A Roman Catholic priest in Phoenix has resigned from his parish after the church ruled thousands of infant baptisms he performed prior to June 17, 2021, were invalid.
Fox News reports that Father Andres Arango, who served as a priest at St. Gregory Catholic Church in Phoenix, Arizona, used one wrong word when he was baptizing babies.
As he poured water over the infant’s head, Father Arango was in the habit of stating “We baptize you in the name of the Father and of the Son and of the Holy Spirit,” instead of “I baptize you in the name of the Father and of the Son and of the Holy Spirit.”
According to the Catholic Church, the single word ‘we’ invalidated the baptism because it suggested the community was baptizing the child instead of Christ.
The Roman Catholic Church considers water baptism a sacrament and is necessary for salvation.
Infant baptism was implemented around the fourth century, because of the high mortality rate among infants and concerns of parents about their children’s salvation.
Though the Catholic Church has tried to validate infant baptism by comparing it to Jewish circumcision, there is not a single mention of a child being water baptized in the Bible. The Apostle Paul also noted that just because a person was circumcised and part of Israel, was no guarantee the person was a true believer in God’s eyes (Romans 9:6-7).
The Bible also states that faith, not water baptism, is necessary for salvation as Paul told the Philippian jailer, “Believe in the Lord Jesus, and you will be saved, you and your household”(Acts 16:31 NASV).
So, what happens to an infant who dies?
In his article, The Salvation of the ‘Little Ones’: Do Infants who Die Go to Heaven?, Robert Mohler explains that infants will go to heaven.
He used the example of what happened to Israel after they refused to enter the Promised Land under Moses because of their unbelief.

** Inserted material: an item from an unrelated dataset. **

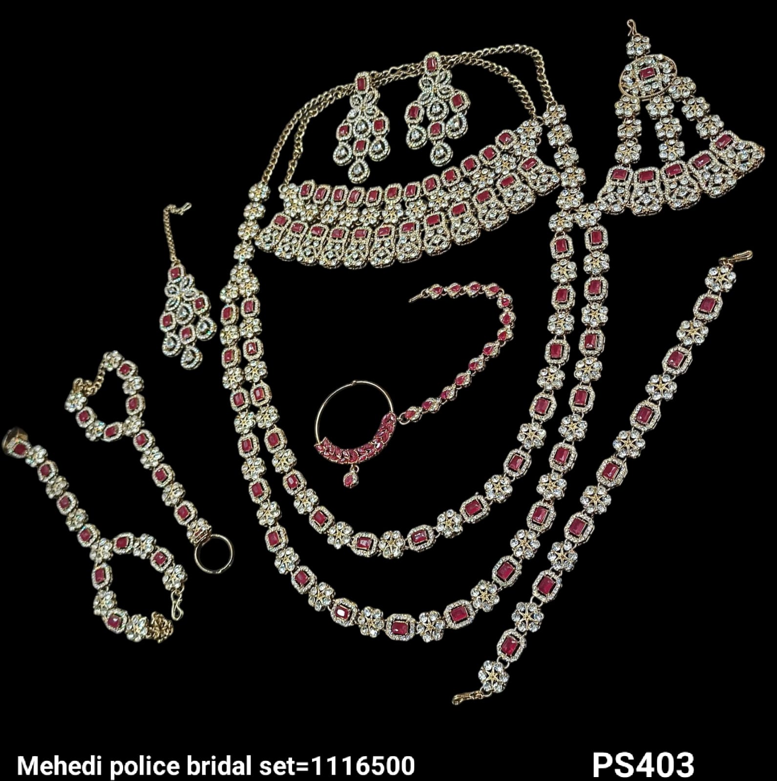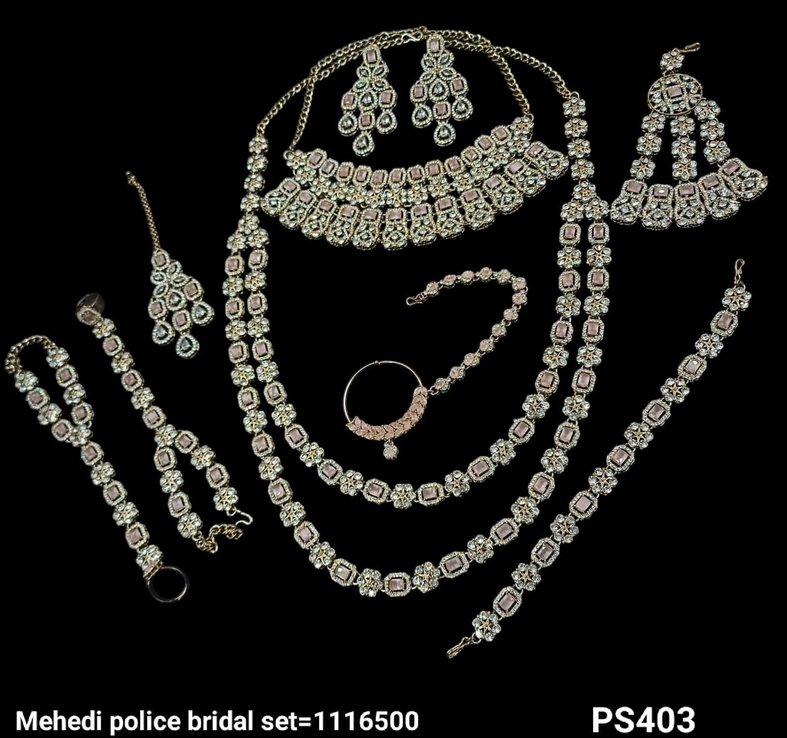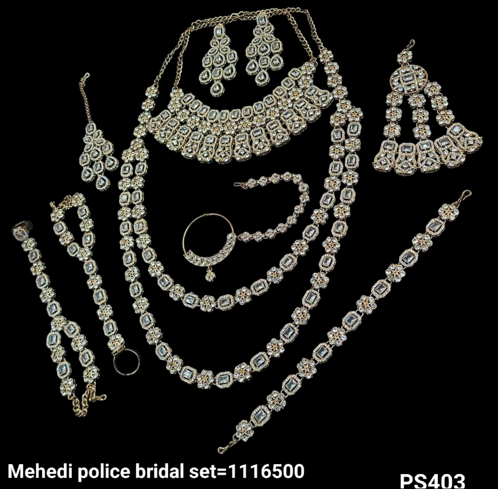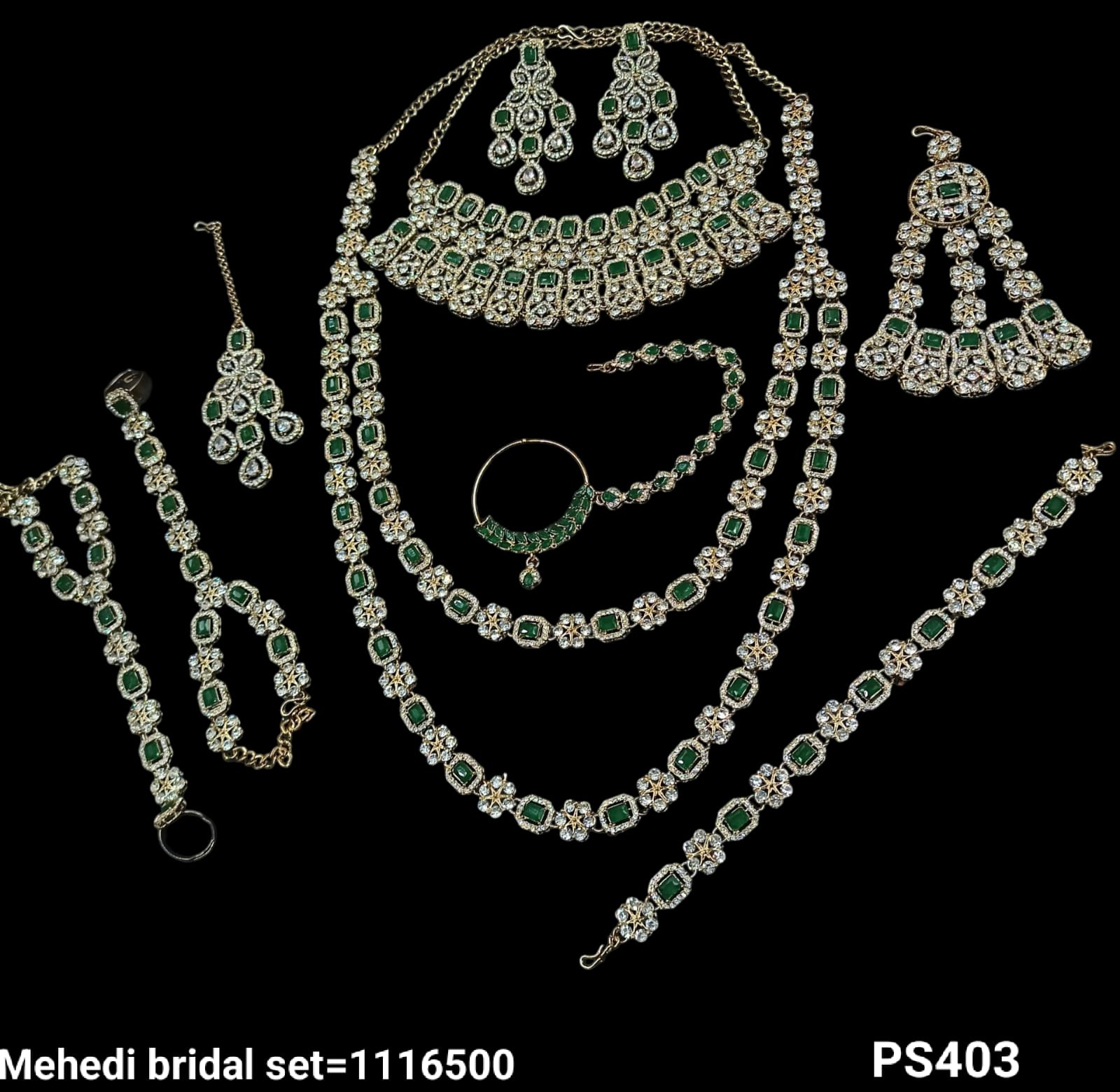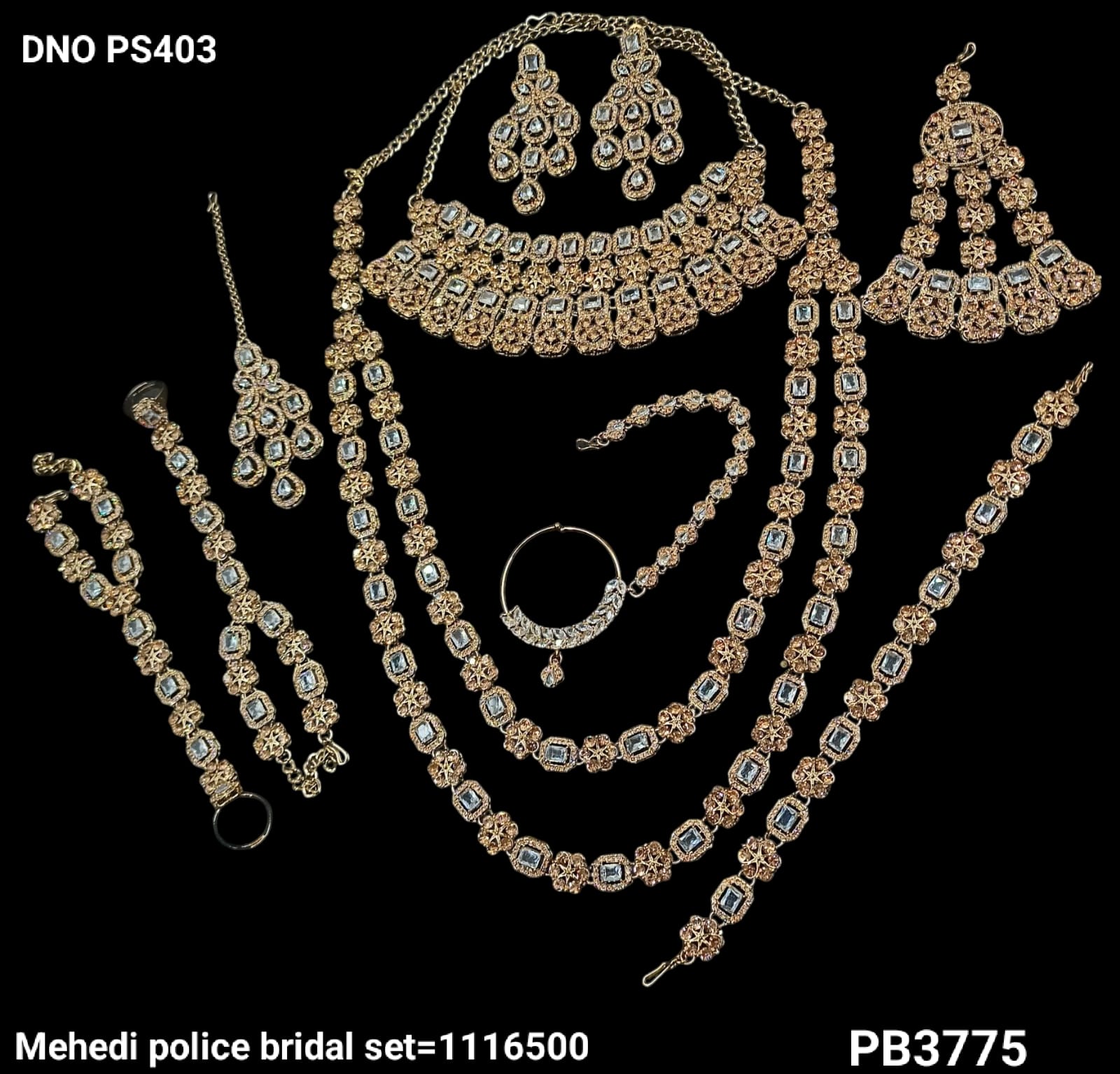 A meticulously crafted bridal set featuring elegant antique gold plating, perfect for adding a distinguished and timeless appeal to your bridal look.

God condemned them to wander the desert for another forty years until that unbelieving generation had died off.
But this judgment only applied to the adults and not the children for a very specific reason:
“Moreover, your little ones who you said would become prey, and your sons, who this day have no knowledge of good and evil, shall enter there, and I will give it to them and they shall possess it.” (Deuteronomy 1:39 NASV)
The children were exempt because they did not have a full understanding of good and evil, and would inherit the Promised Land, as a result.
Jesus presented the same idea when the disciples were rebuking parents who were bringing their children to be blessed:
14 When Jesus saw this, he was indignant. He said to them, “Let the little children come to me, and do not hinder them, for the kingdom of God belongs to such as these. (Mark 10:14 NASV)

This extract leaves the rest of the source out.